(DATA FOR PROCESSING Opens)
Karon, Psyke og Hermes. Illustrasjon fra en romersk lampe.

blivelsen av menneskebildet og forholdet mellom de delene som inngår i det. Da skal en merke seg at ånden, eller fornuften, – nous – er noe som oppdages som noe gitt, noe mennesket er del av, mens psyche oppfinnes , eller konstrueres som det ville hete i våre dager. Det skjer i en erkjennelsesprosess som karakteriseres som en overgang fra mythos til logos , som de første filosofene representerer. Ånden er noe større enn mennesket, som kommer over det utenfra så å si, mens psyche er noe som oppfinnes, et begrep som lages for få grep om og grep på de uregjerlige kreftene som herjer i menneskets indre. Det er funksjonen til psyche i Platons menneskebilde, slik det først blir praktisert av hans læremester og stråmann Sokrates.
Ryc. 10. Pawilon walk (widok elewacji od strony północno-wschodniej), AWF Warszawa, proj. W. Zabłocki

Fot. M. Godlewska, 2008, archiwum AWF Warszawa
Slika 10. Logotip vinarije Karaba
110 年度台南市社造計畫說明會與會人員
(DATA FOR PROCESSING Closes)
(DATA FOR PROCESSING Opens)
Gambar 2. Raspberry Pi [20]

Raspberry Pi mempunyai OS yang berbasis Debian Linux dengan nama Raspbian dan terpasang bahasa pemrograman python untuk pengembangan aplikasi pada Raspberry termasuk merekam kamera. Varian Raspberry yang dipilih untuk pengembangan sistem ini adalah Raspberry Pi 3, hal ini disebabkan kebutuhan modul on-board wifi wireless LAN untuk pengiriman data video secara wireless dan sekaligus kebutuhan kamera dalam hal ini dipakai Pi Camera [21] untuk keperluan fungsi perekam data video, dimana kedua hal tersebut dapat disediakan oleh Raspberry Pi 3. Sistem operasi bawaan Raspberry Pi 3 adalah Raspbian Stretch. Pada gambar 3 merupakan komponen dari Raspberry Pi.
(DATA FOR PROCESSING Closes)
(DATA FOR PROCESSING Opens)
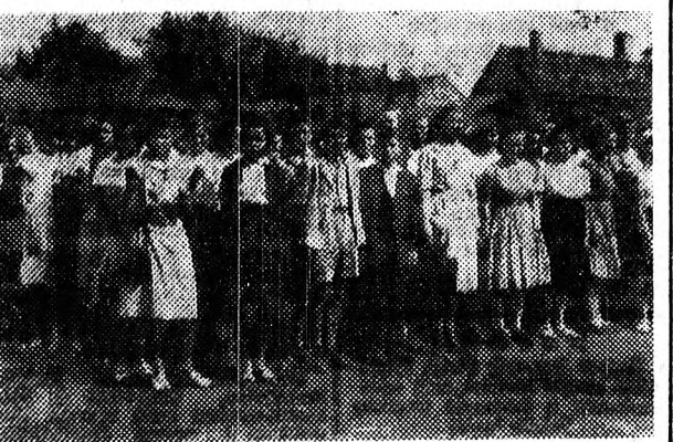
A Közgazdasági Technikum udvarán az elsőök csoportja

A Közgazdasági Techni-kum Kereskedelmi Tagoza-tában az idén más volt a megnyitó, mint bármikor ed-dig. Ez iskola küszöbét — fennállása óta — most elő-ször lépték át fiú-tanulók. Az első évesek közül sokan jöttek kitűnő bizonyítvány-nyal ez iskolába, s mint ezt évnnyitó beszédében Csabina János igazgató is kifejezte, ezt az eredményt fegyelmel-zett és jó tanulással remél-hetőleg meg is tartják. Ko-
(DATA FOR PROCESSING Closes)
Across the entries above, find each line with the word "Warszawa" and please copy it out.

Ryc. 10. Pawilon walk (widok elewacji od strony północno-wschodniej), AWF Warszawa, proj. W. Zabłocki
Fot. M. Godlewska, 2008, archiwum AWF Warszawa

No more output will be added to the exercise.